A veces, hacemos cosas con las que pretendemos cambiar ( para bien ) nuestras vidas, como puede ser un cambio de trabajo, un cambio de casa o un cambio de ciudad por amor...
Todas ellas por supuesto, son por voluntad propia y haciéndolo con la mayor dedicación e ilusión posible, queriendo mimar cada detalle para que todo sea perfecto.
Pero a veces no todo sale como queremos o imaginamos:
El trabajo puede ser mas duro de lo esperado.
Esa maravillosa casa, puede tener goteras indeseables o humedades.
O tu pareja al llegar, puede decidir de forma unilateral que es el momento de no seguir.
Cuando esto pasa, el mundo se nos viene encima, las ilusiones caen al suelo y sentimos que algo mucho más grande que nosotros nos las pisa hasta tal punto de hacernos añicos, tanto interior como exteriormente.
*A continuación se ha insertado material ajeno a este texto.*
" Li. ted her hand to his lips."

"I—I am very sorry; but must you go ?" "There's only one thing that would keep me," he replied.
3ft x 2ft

Nos sentimos desubicados, confusos y preguntándonos si elegimos la opción acertada.
Claro está, eso es solamente al principio, el tiempo de duelo que cada uno necesite para darnos cuenta de lo fuerte que realmente somos y de que se nos ha cerrado una puerta en las narices haciéndonos daños pero... Cuando miras a tu alrededor ves que hay cientos de ventanas esperando ser saltadas y que todas ellas te van ayudando a avanzar en tu interior, a librar una o varias batallas diarias de las cuales vas saliendo reforzado y victorioso.
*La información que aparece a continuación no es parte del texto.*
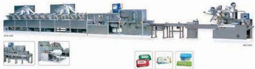
YX-4200& KGT-320II wet tissue machine

Y es ahi donde después de tanto daño recibido, te vas dando cuenta de que todo pasa por algo, tal vez en el momento que sucede no lo entiendes y quedas confuso, incluso lamentándote de haber tomado esa decisión, pero esa, es la mejor decisión que podías haber tomado, la que te hace crecer, madurar y sacar fuerzas que ni tu mismo sabías que tenías.
Así que, porqué no...
Sin rencores, y gracias por sacar lo mejor de mí.